Diagnosis involves obtaining an accurate and detailed history from the patient (and where possible from an eyewitness) of the events before, during and after a seizure took place. The intention is to identify the seizure type, any underlying causes or the presence of an epilepsy syndrome and any comorbidities. Syncope, drop-attacks, hypoglycaemia, some sleep disorders (eg, restless legs syndrome) and cardiac arrhythmias can all, initially, be mistaken for epilepsy.6
Investigations
Electroencephalography (EEG) can be helpful in determining diagnosis and classification of seizure type and syndrome. However, it should only be used to support a diagnosis in patients whose clinical history suggests that their seizures constitute epilepsy. EEG should not be used solely to make a diagnosis, nor should it be used to exclude a diagnosis of epilepsy.
Magnetic resonance imaging (MRI) is the preferred neuroimaging technique because it is more sensitive and does not expose patients to radiation. It is used to identify lesions (ie, tumours, vascular malformations) that could be causing the epilepsy. Computed tomography scanning can be used when an MRI is contraindicated or if an urgent assessment of seizures is required.

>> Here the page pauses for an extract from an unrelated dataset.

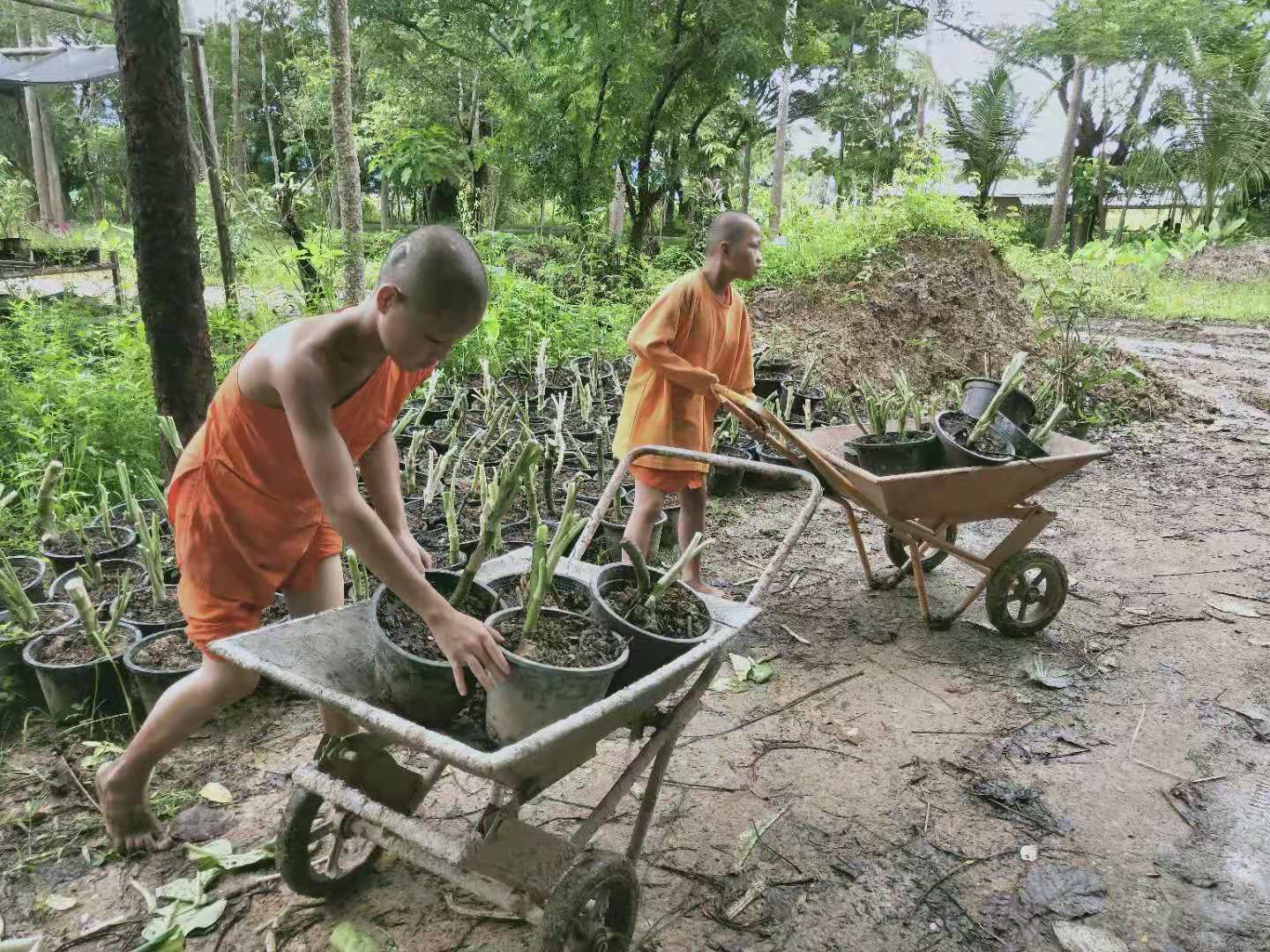 These days, the Abbot led the workers to continue to build the houses. Huiyi suggested that we spend more time helping Abbot build the house. Perhaps because of our high work efficiency, Abbot also likes to ask us to help, move tiles, build roads, unload soil to raise the terrain inside and outside the house.Doing simple physical work, everyone sweats a lot, and makes a lot of laughter as well.
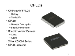 This document discusses complex programmable logic devices (CPLDs). CPLDs contain multiple simpler programmable logic devices (SPLDs) like PALs or GALs on a single chip connected by a programmable interconnect. This allows CPLDs to implement larger logic functions than SPLDs. CPLDs are made up of logic blocks, input/output blocks, and a programmable interconnect that can connect any logic block inputs or outputs. CPLDs generally provide better performance and more predictable timing than FPGAs but have lower density.

An electrocardiogram and appropriate baseline blood tests, such as electrolytes, glucose and calcium, should also be performed to identify possible causes and any comorbidities.6
Prognosis
Patients with epilepsy have a two to three times higher risk of mortality than the general public. Contributing factors include accidents caused by seizures, adverse events during epilepsy treatment, the underlying cause for symptomatic epilepsy (eg, a brain tumour), suicide or sudden unexpected death in epilepsy (SUDEP).
An increased risk of SUDEP has been linked to poor seizure control (often as a result of drug resistance) and the occurrence of nocturnal seizures. It is important that individuals with epilepsy and their carers are provided with information on SUDEP and how to minimise the risk of it occurring.
References
- National Institute for Health and Clinical Excellence. The epilepsies: the diagnosis and management of the epilepsies in adults and children in primary and secondary care. October 2004. www.nice.org.uk/cg20 (accessed 22 February 2010).
- Elger CE, Schmidt D. Modern management of epilepsy: a practical approach. Epilepsy & Behavior 2008;12:501–39.
- National Institute for Health and Clinical Excellence. Newer drugs for epilepsy in adults. March 2004. www.nice.org.uk/ta76 (accessed 22 February 2010).
- National Institute for Health and Clinical Excellence. Newer drugs for epilepsy in children. April 2004. www.nice.org.uk/ta79 (accessed 22 February 2010).
- Stein MA, Kanner AM. Management of newly diagnosed epilepsy: a practical guide to monotherapy. Drugs 2009;69:199–222.
- Scottish Intercollegiate Guidelines Network. Diagnosis and management of epilepsies in children and young people. March 2005. www.sign.ac.uk/ guidelines/fulltext/81/index.html (accessed 22 February 2010).
- Wallace H, Shorvon S, Tallis R. Age-specific incidence and prevalence rates of treated epilepsy in an unselected population of 2,052,922 and age-specific fertility rates in women with epilepsy. Lancet 1998;352:1970–3.
- Lhatoo SD, Johnson AL, Goodridge DH, et al. Mortality in epilepsy in the first 11 to 14 years after diagnosis: multivariate analysis of a long-term, prospective, population-based cohort. Annals of Neurology 2001;49:336–44.